Left heart catheterization revealing anomalous coronary arteries all arising from the right coronary cusp. Green arrow: right coronary artery. Blue arrow: left anterior descending artery. Gray arrow: circumflex artery

Fig. 2
figure2

Left heart catheterization revealing anomalous coronary arteries all arising from the right coronary cusp. Green arrow: right coronary artery. Blue arrow: left anterior descending artery. Gray arrow: circumflex artery

Fig. 3
figure3

Left heart catheterization revealing anomalous coronary arteries all arising from the right coronary cusp. Green arrow: right coronary artery. Blue arrow: left anterior descending artery. Gray arrow: circumflex artery. Yellow arrow: origin of all three coronary arteries

Fig. 4
figure4

Left heart catheterization revealing right coronary artery collaterals from the septal branches of the left anterior descending to the posterior descending artery (black arrows)

Fig. 5
figure5

Two views (a and b) from CCTA imaging revealing the left anterior descending artery originating posteriorly and coursing between the aorta and left atrium. CCTA coronary computed tomographic angiography

Table 1 Timeline of events during hospitalization

Discussion

Coronary artery anomalies are extremely rare. Less than 1% of the general population is estimated to have CAA, the majority of which involve different ostia of the LCX and when the LAD and LCX artery arise from the right coronary ostium [1]. This case represents all three major coronary arteries originating from a single ostium, the right coronary cusp with a non-malignant course. There are no guidelines addressing the optimal management approach for this anomaly. Although most CAA are asymptomatic and benign, certain anomalies have been related to sudden cardiac death as well as exercise-related death, typically in the young. These unfortunate circumstances have been more pronounced with high-risk anomalies, most commonly involving the left main coronary artery originating from the right coronary cusp. Other high-risk anomalies include a coronary artery coursing between the aorta and pulmonary artery, acute-angle take off, and ostial abnormalities such as slit-like orifice and beak-shaped orifice [3]. It is critical to identify the course of the arteries as well as evaluate the geometry of the orifice. Diagnosis is commonly established incidentally during routine cardiac testing, but CCTA is considered ideal for geometric evaluation.

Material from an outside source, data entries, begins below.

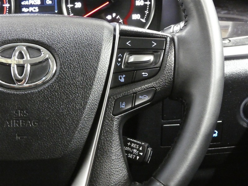 ステアリングスイッチ付きです。安全装備の切替や、オーディオ、ディスプレイ、レーダークルーズコントロール操作時にハンドルから手を離すことなく操作可能で安全運転にも寄与した便利な装備です。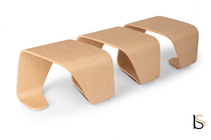 L'assemblage unique et original est réalisé à partir d'un panneau en contreplaqué de hêtre incurvé.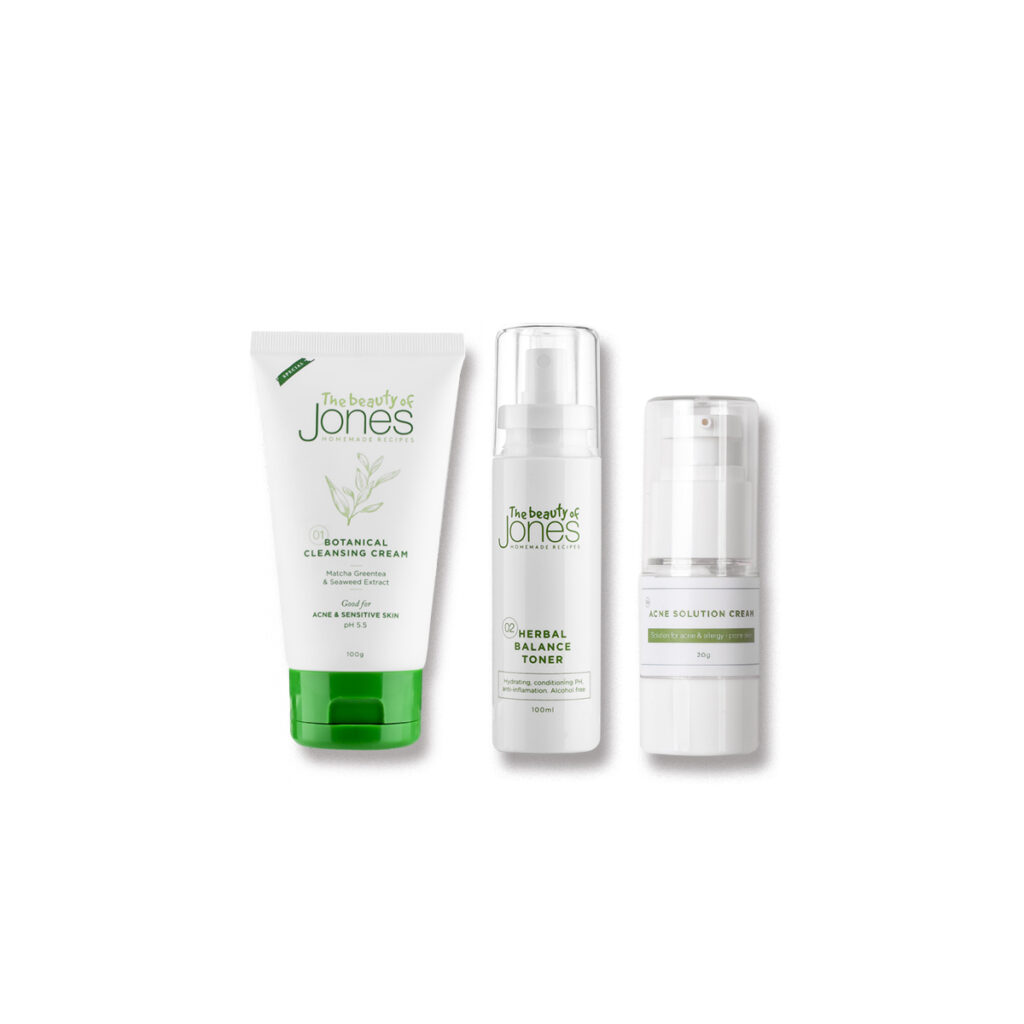 Đôi nét về thương hiệu The Beauty Of Jones (TBOJ), The Beauty Of Jones là thương hiệu mỹ phẩm đã ra đời cách đây 5 năm. Hãng hướng đến các thành phần thiên nhiên và an toàn của khách hàng luôn được đặt lên hàng đầu. Nhờ chú trọng vào các sản phẩm hữu cơ, The Beauty Of Jones đã có nhiều kinh nghiệm trong việc điều chế mỹ phẩm trị mụn dịu nhẹ mà vẫn đảm bảo hiệu quả. Botanical Cleansing Cream-Sữa rửa mặt trà xanh-tảo biển: Điểm đặc biệt ở sản phẩm này là sữa rửa mặt có hiệu quả sạch sâu nhưng không tạo bọt, không gây khô và kích ứng da. Chiết xuất trà xanh matcha Nhật, tảo biển, nước hoa cúc trắng… các thành phần thiên nhiên dịu nhẹ cho da nhạy cảm nhất. Độ ph vàng ở mức 5.5, giúp làm sạch hiệu quả không gây châm chích, căng rát. + Herbal Balancing Toner-Toner hoa cúc: Toner có 2 thành phần chính gồm nước chưng cất hoa cúc la mã, cúc xu xi. Các loại hoa đều đạt chuẩn canh tác, không có thuốc trừ sâu, chất bảo quản. Công dụng thu nhỏ lỗ chân lông, làm dịu da, cân bằng độ ẩm, độ ph.  Làm sạch sâu bụi bẩn, dầu thừa. + Acne Solution Cream-Kem trị mụn tràm trà:   Với những bạn hay bị mụn thì không thể không biết đến một “gương mặt vàng trong làng trị mụn” đó là em tinh chất tràm trà.   Kem mụn chiết xuất tràm trà, rau sam, rau má giúp kháng viêm, kháng khuẩn, ngừa mụn phát triển. Làm xẹp mụn viêm chỉ trong 48h. Gom khô cồi mụn giúp lấy nhân mụn dễ dàng hơn không để lại thâm sẹo.  Ưu điểm lớn nhất của combo mỹ phẩm trị mụn từ The Beauty Of Jones chính là tất cả thành phần đều chiết xuất 100% thiên nhiên. Điều này đảm bảo cho những bạn da mụn mà lại nhạy cảm có thể yên tâm khi sử dụng sản phẩm. Ngoài ra sản phẩm còn đạt chứng nhận an toàn từ sở y tế, mẹ bầu hay mẹ bỉm sau sinh có thể thoải mái sử dụng mà không lăn tăn nữa nha.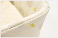 ❺ 赤ちゃんの手や頭部がフレームに当たっても痛くないように、本体カバーには中綿がたっぷり入っています。パパママも安心してお使いいただけます。
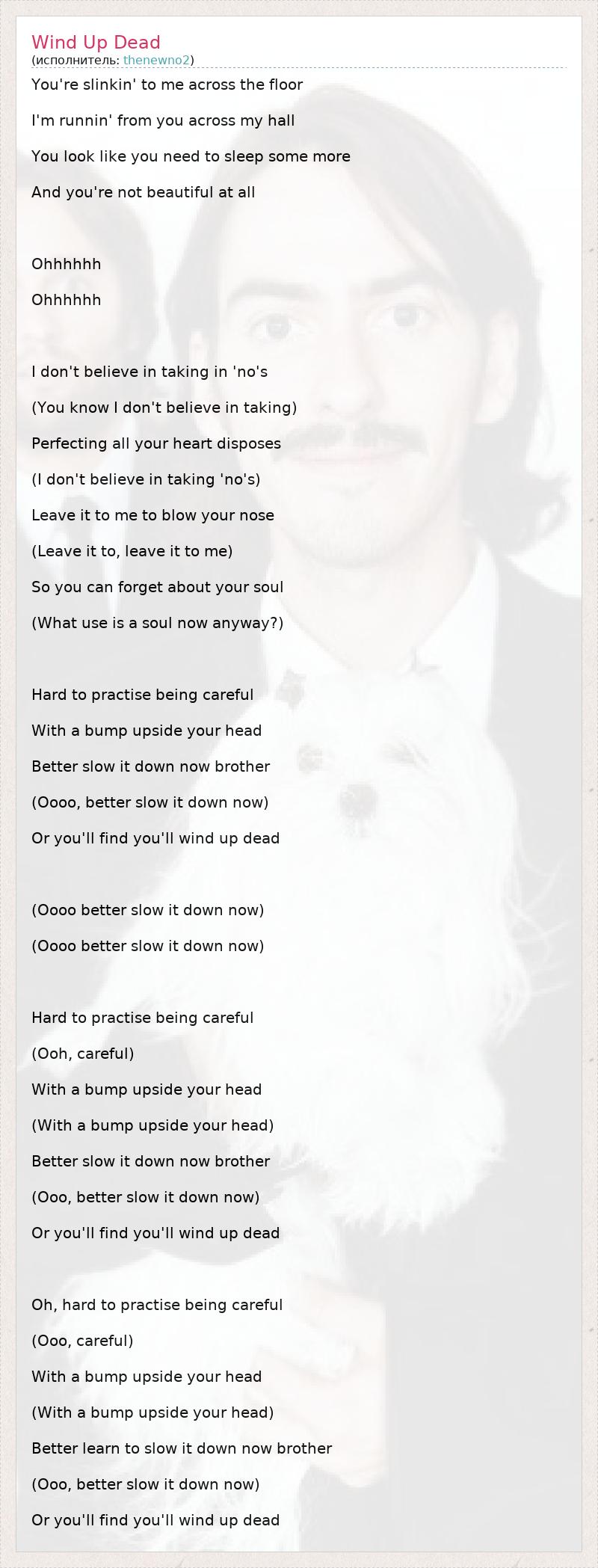 А как ты думаешь, о чем песня "Wind Up Dead" ?

Surgical management is the mainstay of treatment for high-risk patients, if indicated. The goal of surgery is to limit the risk of myocardial ischemia. According to the most recent surgical guidelines for treatment of anomalous coronary arteries, unroofing is indicated for vessels with extensive intramural course. Either ostial translocation (reimplantation) or ostioplasty are indicated for vessels with very short intramural course. Bypass grafting is indicated if the anomaly is accompanied by atherosclerotic narrowing or if other reconstructive interventions have failed. With the considerable advancement of percutaneous coronary intervention, treatment has now been extended to include stenting of the anomalous vessels [4]. There is limited investigation into this particular anomaly arising from the same ostium at the right coronary cusp. Despite all the options, there has been considerable variation in the management of anomalous coronary arteries as a whole, thus establishing the need for further investigation into a more standardized approach.

Conclusion

Patients with CAA should undergo further investigations to delineate the origin and course of the arteries involved; CCTA is usually helpful in such cases. A non-malignant, single, shared origin of all three coronary vessels is a very rare entity. There are no official guidelines addressing the optimal management approach.

Consent

Written informed consent was obtained from the patient for publication of this case report and any accompanying images. A copy of the written consent is available for review by the Editor-in-Chief of this journal.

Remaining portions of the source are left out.